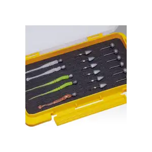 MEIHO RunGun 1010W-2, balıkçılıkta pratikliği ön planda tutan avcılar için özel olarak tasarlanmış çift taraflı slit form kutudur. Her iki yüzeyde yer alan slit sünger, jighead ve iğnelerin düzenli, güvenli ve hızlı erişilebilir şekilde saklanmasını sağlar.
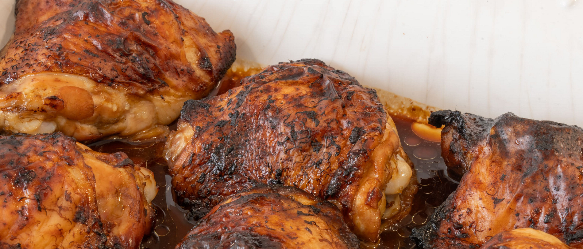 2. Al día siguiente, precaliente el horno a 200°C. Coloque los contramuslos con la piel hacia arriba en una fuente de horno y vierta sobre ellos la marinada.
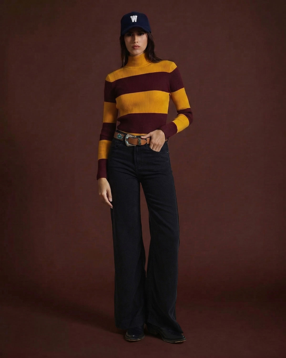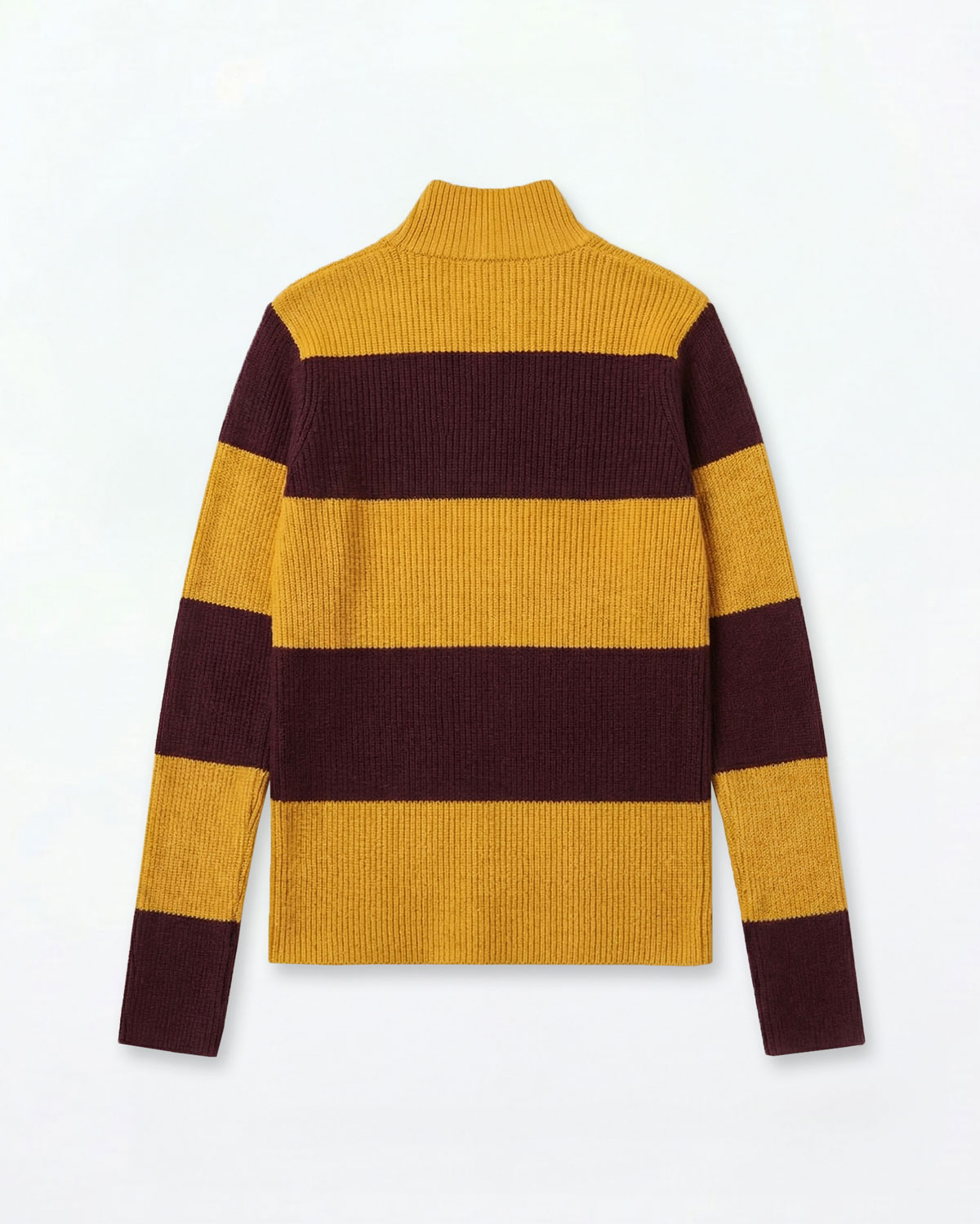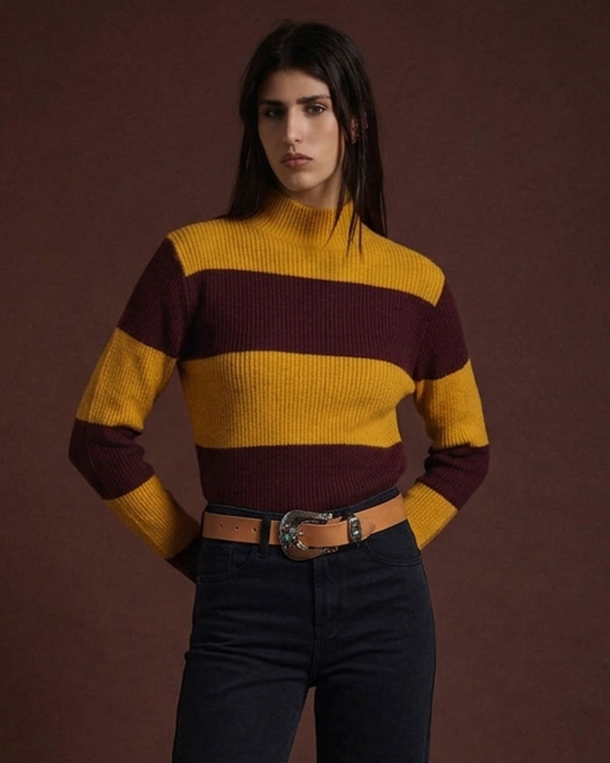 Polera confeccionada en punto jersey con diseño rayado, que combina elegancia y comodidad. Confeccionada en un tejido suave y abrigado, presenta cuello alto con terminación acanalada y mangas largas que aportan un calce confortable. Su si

* * *

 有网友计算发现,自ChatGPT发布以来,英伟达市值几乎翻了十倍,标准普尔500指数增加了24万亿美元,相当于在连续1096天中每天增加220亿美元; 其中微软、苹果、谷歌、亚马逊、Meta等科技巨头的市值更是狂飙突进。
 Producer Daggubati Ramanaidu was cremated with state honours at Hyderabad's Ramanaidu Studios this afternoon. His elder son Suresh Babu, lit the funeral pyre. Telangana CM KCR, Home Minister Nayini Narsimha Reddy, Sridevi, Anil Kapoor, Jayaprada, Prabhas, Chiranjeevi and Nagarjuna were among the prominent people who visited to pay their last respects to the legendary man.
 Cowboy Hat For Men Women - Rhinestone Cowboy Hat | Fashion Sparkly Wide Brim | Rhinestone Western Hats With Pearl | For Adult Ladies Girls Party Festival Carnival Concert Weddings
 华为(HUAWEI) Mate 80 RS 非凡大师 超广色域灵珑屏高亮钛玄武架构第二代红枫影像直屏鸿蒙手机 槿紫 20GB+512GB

» Problem details
In the entries above, find the line that contains "2. Al día siguiente, precaliente" and the line that contains "Polera confeccionada en". Reproduce exactly those two lines and every line between them, but not the pictures.

» Answer space
 2. Al día siguiente, precaliente el horno a 200°C. Coloque los contramuslos con la piel hacia arriba en una fuente de horno y vierta sobre ellos la marinada.
 Polera confeccionada en punto jersey con diseño rayado, que combina elegancia y comodidad. Confeccionada en un tejido suave y abrigado, presenta cuello alto con terminación acanalada y mangas largas que aportan un calce confortable. Su si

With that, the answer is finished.